Bill Eisenring’s REVIEW of Blood Orange, written by Abigail Duclos, directed by Vernice Miller at A.R.T.:

REVIEW of Blood Orange, written by Abigail Duclos, directed by Vernice Miller at A.R.T.:

Blood Orange is really well written, directed, choreographed and acted, but for reasons that I don’t really understand, it did not resonate with me.  But if you want to see quality theater by a young writer and cast you should see this show.

Duclos avoids all the mistakes that young playwrights tend to make.  Her characters are fully developed as soon as they appear on stage.  There is no making the audience suffer through the writer “finding out” who the characters are.  She knows when her play is over and does not create multiple times when the audience believes the show should be ended.  Duclos allows her characters to be whoever they have become as she got to know them. We cannot be sure that they are the characters she intended to write, but she embraces whoever the characters became in the process of writing. This is a very talented writer.

Director Vernice Miller wisely keeps her characters away from center stage where they may have become cliches.
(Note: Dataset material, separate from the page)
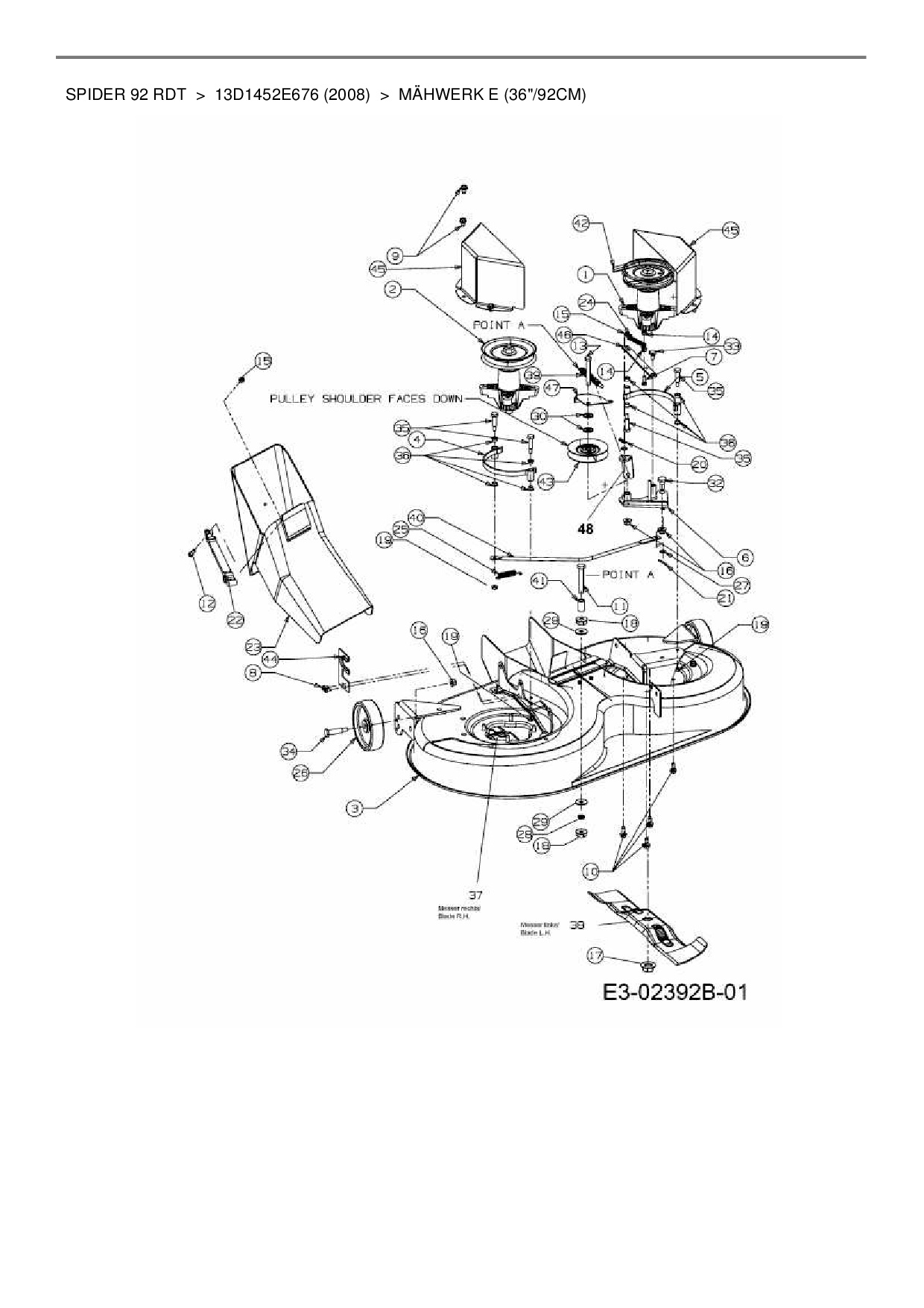 Ersatzteile für Rasentraktor MTD Spider 92 RDT aus der Zeichnung Mähwerk E (36"/92cm):

Her actors employing the entire space, usually far right or left to tell the story of abuse, abandonment and unbalanced irrationality.  She elicits the questioning that each character has about the other from each of the three actresses. 

Luisa Galatti (Faye), Ana Moioli (Eden) and Maria Muller (Georgia) perfectly capture the emotional inconsistencies and extremes that you would expect to find in teenage girls.  Galatti’s Faye tries to normalize her life where she has been sexually exploited by her mother’s junkie boyfriend and abandoned by her birth mother, her father through suicide and the breakdown of the stepmother who abandons her mentally and physically to deal with her own grief.   Her lack of success is not surprising.   Moioli’s Eden suffers from the emotional (and perhaps sexual) abuse of her father and her mother’s failure to protect her.  Muller’s Georgia perhaps has the most stable family which is why it is not surprising that she meets her fate at the hands of her two less stable friends.

If Duclos makes any error, it may be putting Faye’s stepmother on stage.  She did have a good reason to do it since the audience did have to know that she was not dead in her bedroom as Faye went on living in the apartment, but perhaps a voice over might have been more precise and just as effective.

I may never have fully invested in this play, but I recognize that this is a fine piece of theater and if you are moved by the horrors that may result from the abuse of young people then you should see Blood Orange and celebrate this fine production.